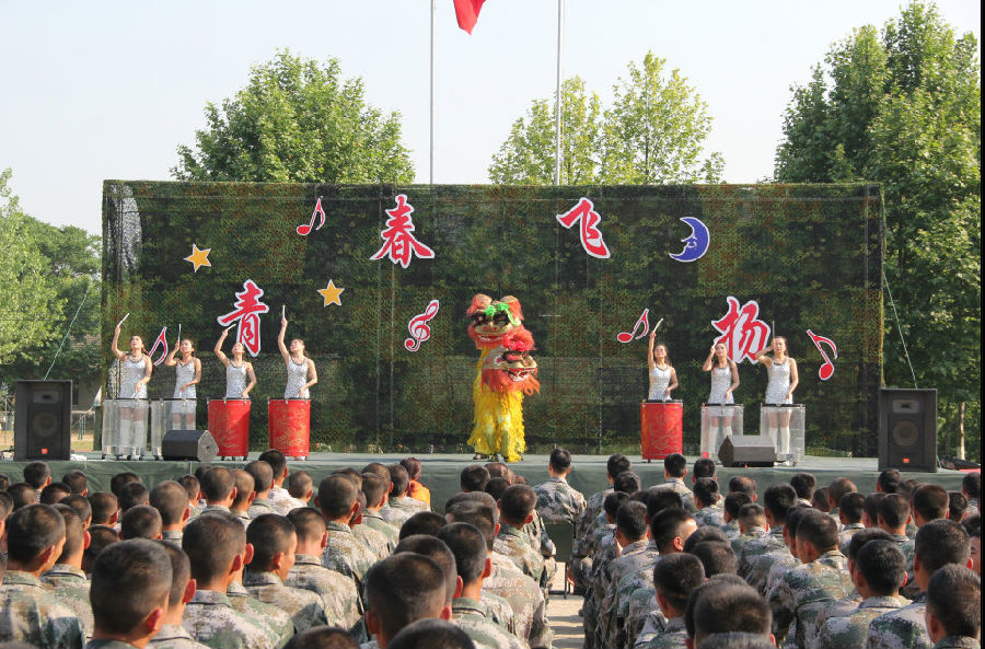 为进一步促进双拥共建,切实把慰问一线送到最可爱的人身边,Beat365唯一官方网站大学生艺术团的同学们在院团委书记王蓓蓓的带领下来到驻滁某部队野外演训一线慰问演出,在一片迷彩绿和一片战车群中,40余名学生与部队官兵一起演绎了一场野味十足、战味充盈、兵味热溢的战地晚会。
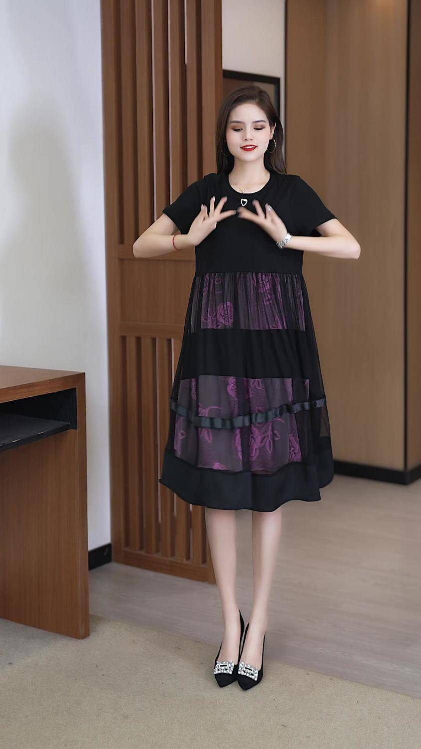 5分鐘前2025夏季新款時尚假兩件寬鬆遮肚網紗連衣裙 - 【尊享三入】僅需NT$1298(均價NT$432)
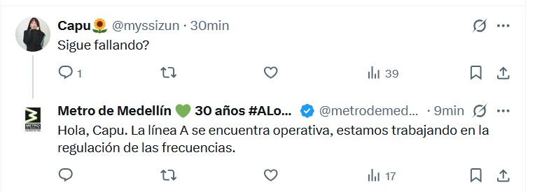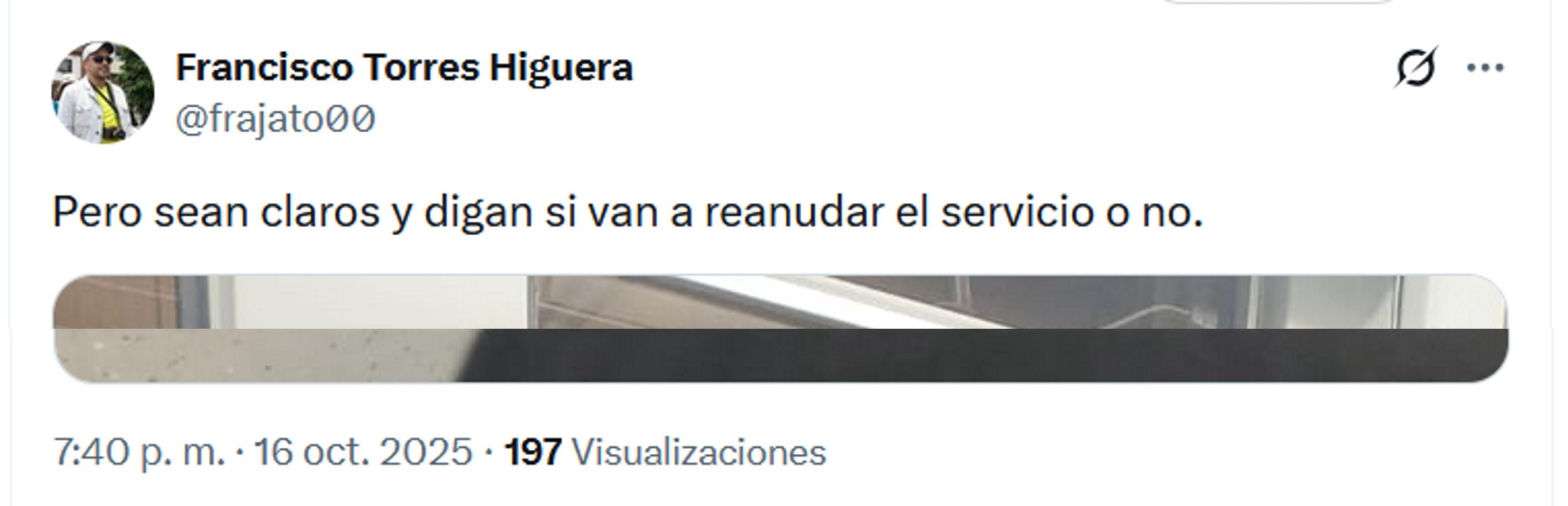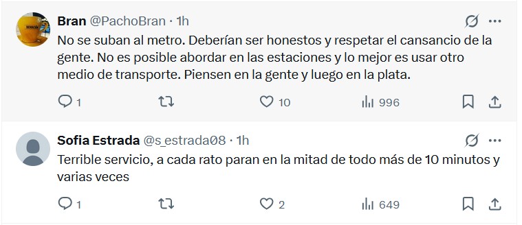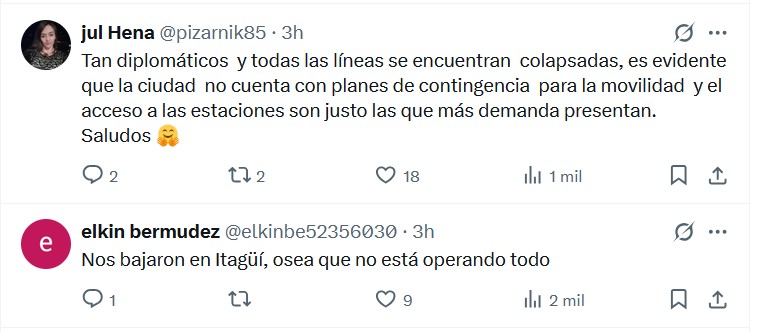 El Metro pide a los usuarios comprensión y paciencia ante la demora que pueda presentarse en sus desplazamientos habituales; sin embargo los usuarios piden «claridad en la información», pues dicen que se demoraron más de un hora para informar «la actualización», y pese a que lleva varias horas la anomalía, aseguran que «en el Metro no aclaran si alcanzan o no a reparlo este mismo jueves».
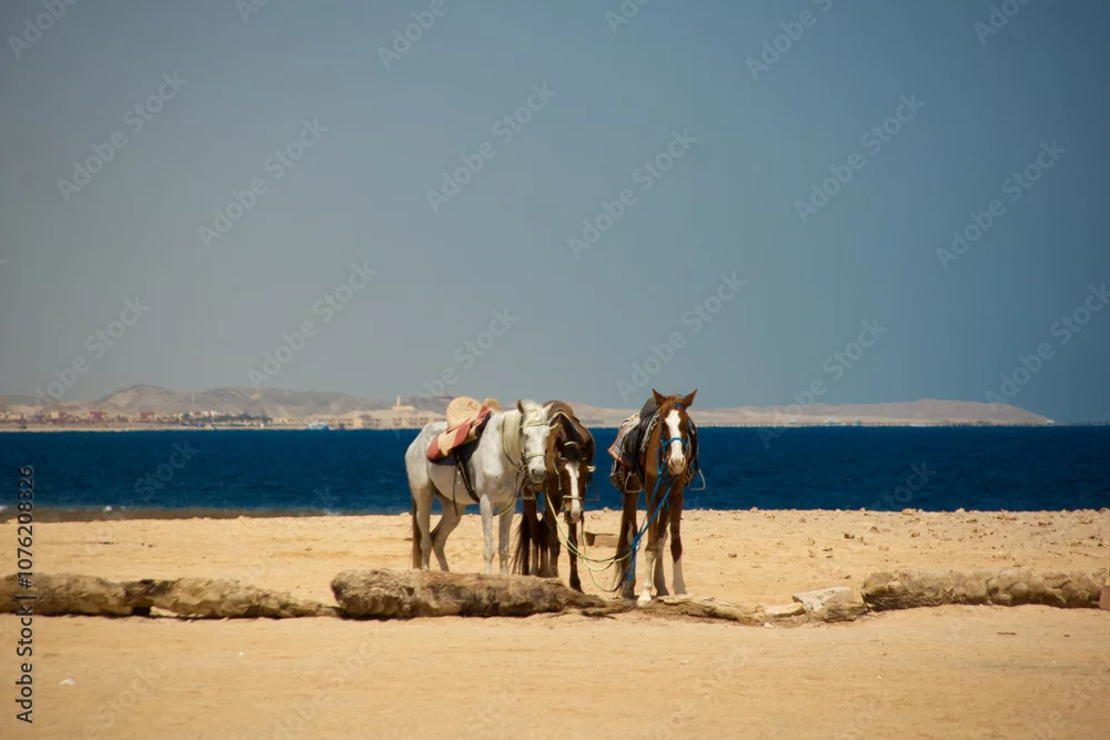 Fototapeta samoprzylepna Konie na pustyni w Marsa Alam. Egipt.

** What the exercise asks **
The lines from the start of the data through the line that contains "5分鐘前2025夏季新款時尚假兩件寬鬆遮肚網紗連衣裙 - 【尊享三入】僅需NT$1298(均價NT$432)" are to be returned exactly, please, with both ends included and every picture left out.

** Written solution **
 为进一步促进双拥共建,切实把慰问一线送到最可爱的人身边,Beat365唯一官方网站大学生艺术团的同学们在院团委书记王蓓蓓的带领下来到驻滁某部队野外演训一线慰问演出,在一片迷彩绿和一片战车群中,40余名学生与部队官兵一起演绎了一场野味十足、战味充盈、兵味热溢的战地晚会。
 5分鐘前2025夏季新款時尚假兩件寬鬆遮肚網紗連衣裙 - 【尊享三入】僅需NT$1298(均價NT$432)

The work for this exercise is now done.